• **Entries shown**:
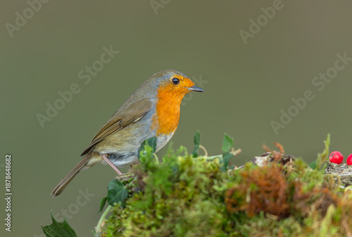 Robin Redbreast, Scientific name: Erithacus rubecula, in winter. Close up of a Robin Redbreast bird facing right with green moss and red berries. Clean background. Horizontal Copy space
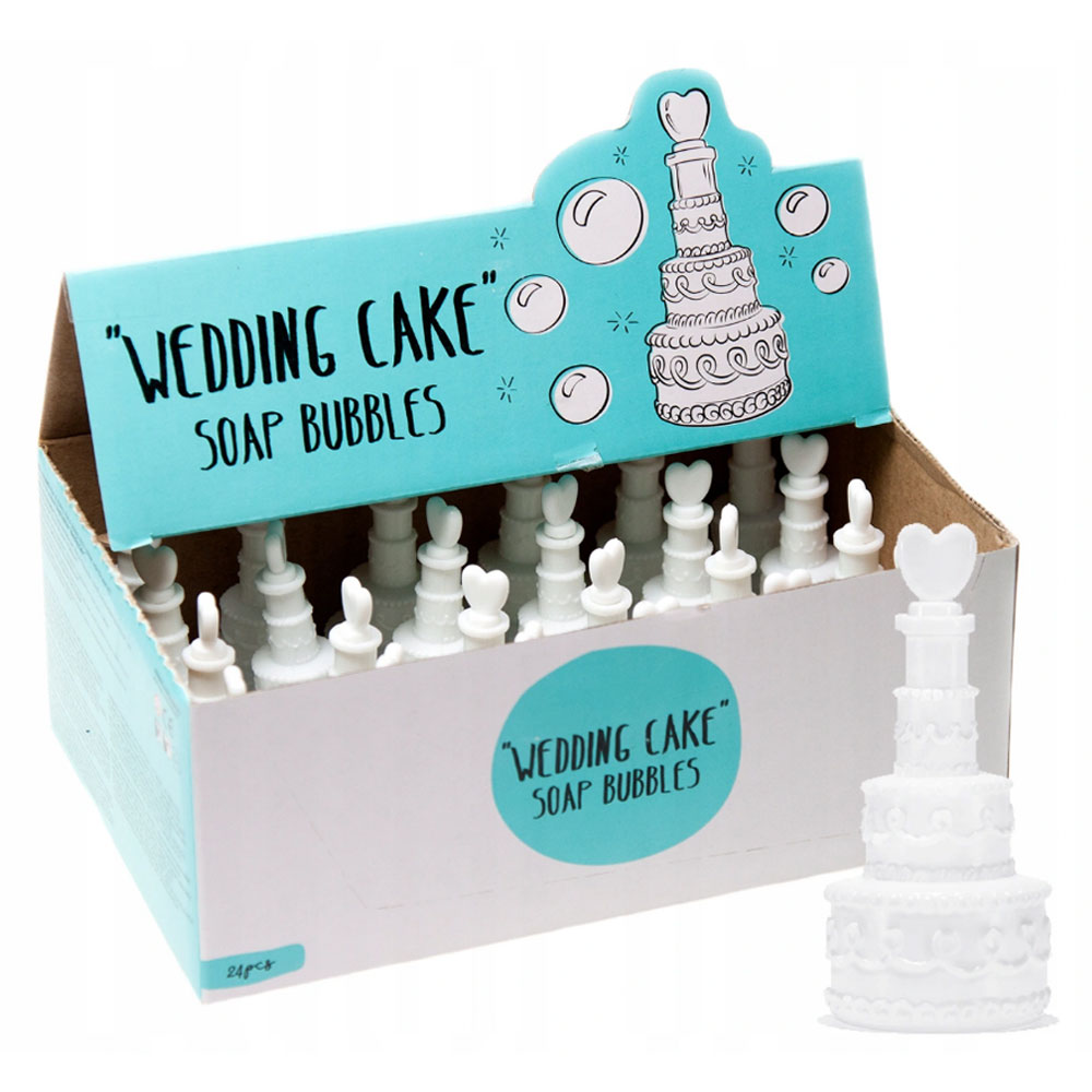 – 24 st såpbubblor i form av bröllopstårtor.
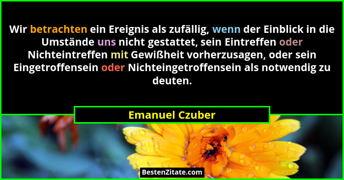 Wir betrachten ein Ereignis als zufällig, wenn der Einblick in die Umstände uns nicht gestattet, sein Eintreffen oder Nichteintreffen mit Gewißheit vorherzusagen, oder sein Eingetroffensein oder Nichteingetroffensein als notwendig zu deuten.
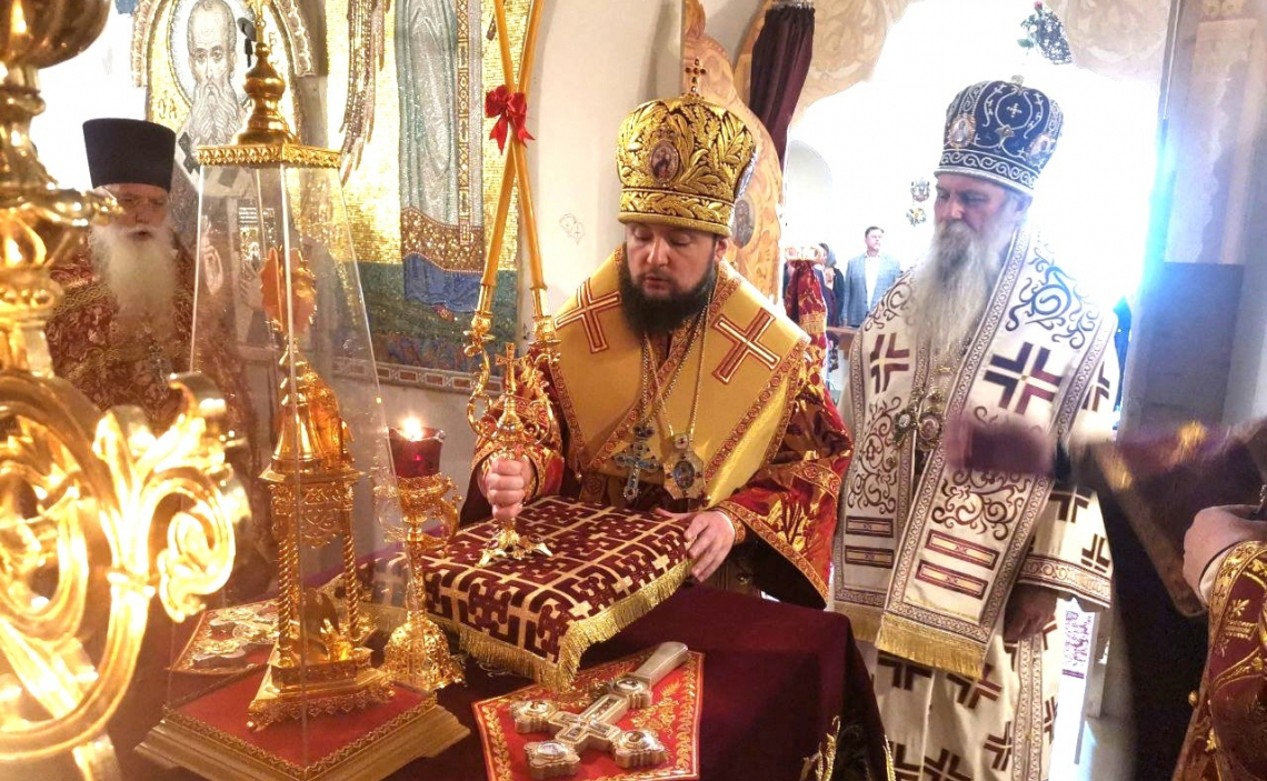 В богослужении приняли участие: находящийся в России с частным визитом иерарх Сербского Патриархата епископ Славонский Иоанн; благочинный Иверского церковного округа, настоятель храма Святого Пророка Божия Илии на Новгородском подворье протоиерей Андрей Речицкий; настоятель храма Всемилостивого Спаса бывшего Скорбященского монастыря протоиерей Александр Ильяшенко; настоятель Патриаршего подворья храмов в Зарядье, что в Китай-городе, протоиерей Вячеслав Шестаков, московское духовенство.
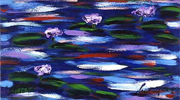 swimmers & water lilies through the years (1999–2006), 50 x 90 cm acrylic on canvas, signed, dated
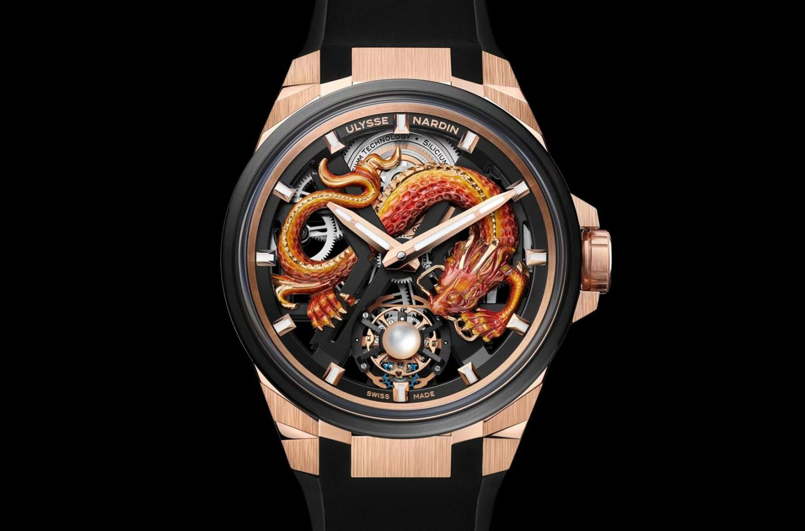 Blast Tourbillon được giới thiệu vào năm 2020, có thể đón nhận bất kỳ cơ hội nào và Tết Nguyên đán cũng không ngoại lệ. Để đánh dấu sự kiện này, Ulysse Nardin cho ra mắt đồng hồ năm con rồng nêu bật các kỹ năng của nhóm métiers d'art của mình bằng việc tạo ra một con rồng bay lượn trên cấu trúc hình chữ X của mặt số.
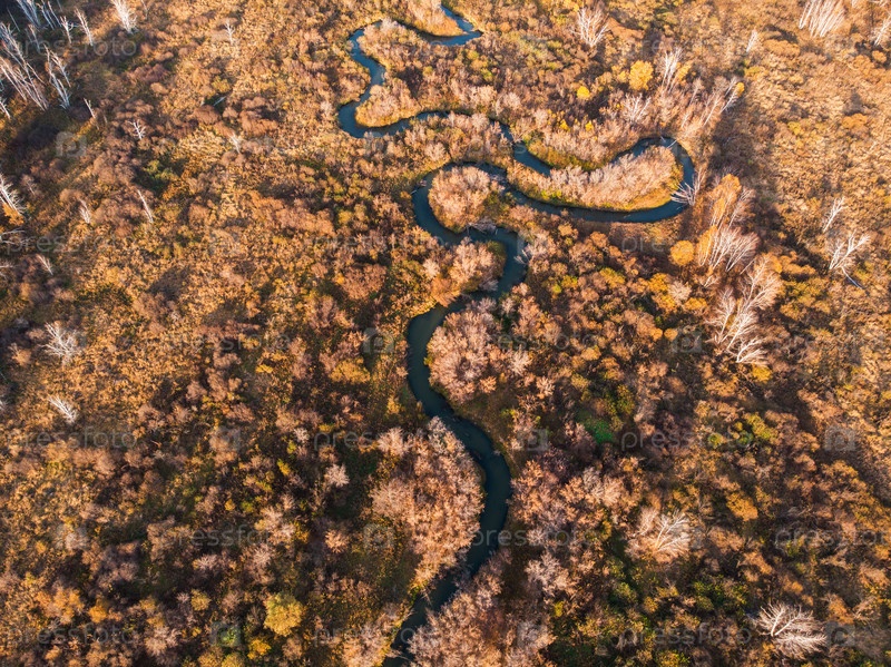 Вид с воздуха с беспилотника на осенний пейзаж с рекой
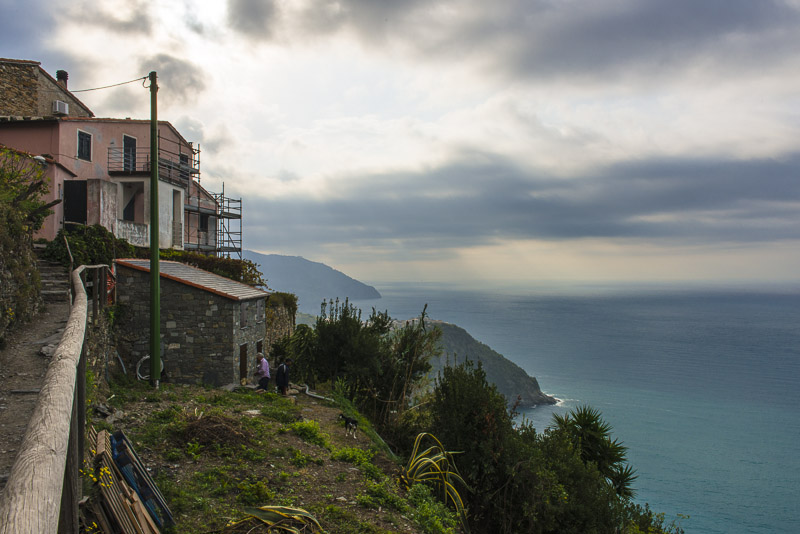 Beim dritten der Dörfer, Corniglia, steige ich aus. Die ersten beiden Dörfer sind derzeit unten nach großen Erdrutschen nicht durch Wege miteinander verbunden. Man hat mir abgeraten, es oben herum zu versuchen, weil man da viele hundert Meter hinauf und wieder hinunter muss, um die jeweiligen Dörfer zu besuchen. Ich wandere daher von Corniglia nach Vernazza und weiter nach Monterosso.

• **About this exercise**:
The answer should consist only of the lines from the one with "Wir betrachten ein" through the last line of the material above, copied exactly, with no pictures.

• **Output**:
 Wir betrachten ein Ereignis als zufällig, wenn der Einblick in die Umstände uns nicht gestattet, sein Eintreffen oder Nichteintreffen mit Gewißheit vorherzusagen, oder sein Eingetroffensein oder Nichteingetroffensein als notwendig zu deuten.
 В богослужении приняли участие: находящийся в России с частным визитом иерарх Сербского Патриархата епископ Славонский Иоанн; благочинный Иверского церковного округа, настоятель храма Святого Пророка Божия Илии на Новгородском подворье протоиерей Андрей Речицкий; настоятель храма Всемилостивого Спаса бывшего Скорбященского монастыря протоиерей Александр Ильяшенко; настоятель Патриаршего подворья храмов в Зарядье, что в Китай-городе, протоиерей Вячеслав Шестаков, московское духовенство.
 swimmers & water lilies through the years (1999–2006), 50 x 90 cm acrylic on canvas, signed, dated
 Blast Tourbillon được giới thiệu vào năm 2020, có thể đón nhận bất kỳ cơ hội nào và Tết Nguyên đán cũng không ngoại lệ. Để đánh dấu sự kiện này, Ulysse Nardin cho ra mắt đồng hồ năm con rồng nêu bật các kỹ năng của nhóm métiers d'art của mình bằng việc tạo ra một con rồng bay lượn trên cấu trúc hình chữ X của mặt số.
 Вид с воздуха с беспилотника на осенний пейзаж с рекой
 Beim dritten der Dörfer, Corniglia, steige ich aus. Die ersten beiden Dörfer sind derzeit unten nach großen Erdrutschen nicht durch Wege miteinander verbunden. Man hat mir abgeraten, es oben herum zu versuchen, weil man da viele hundert Meter hinauf und wieder hinunter muss, um die jeweiligen Dörfer zu besuchen. Ich wandere daher von Corniglia nach Vernazza und weiter nach Monterosso.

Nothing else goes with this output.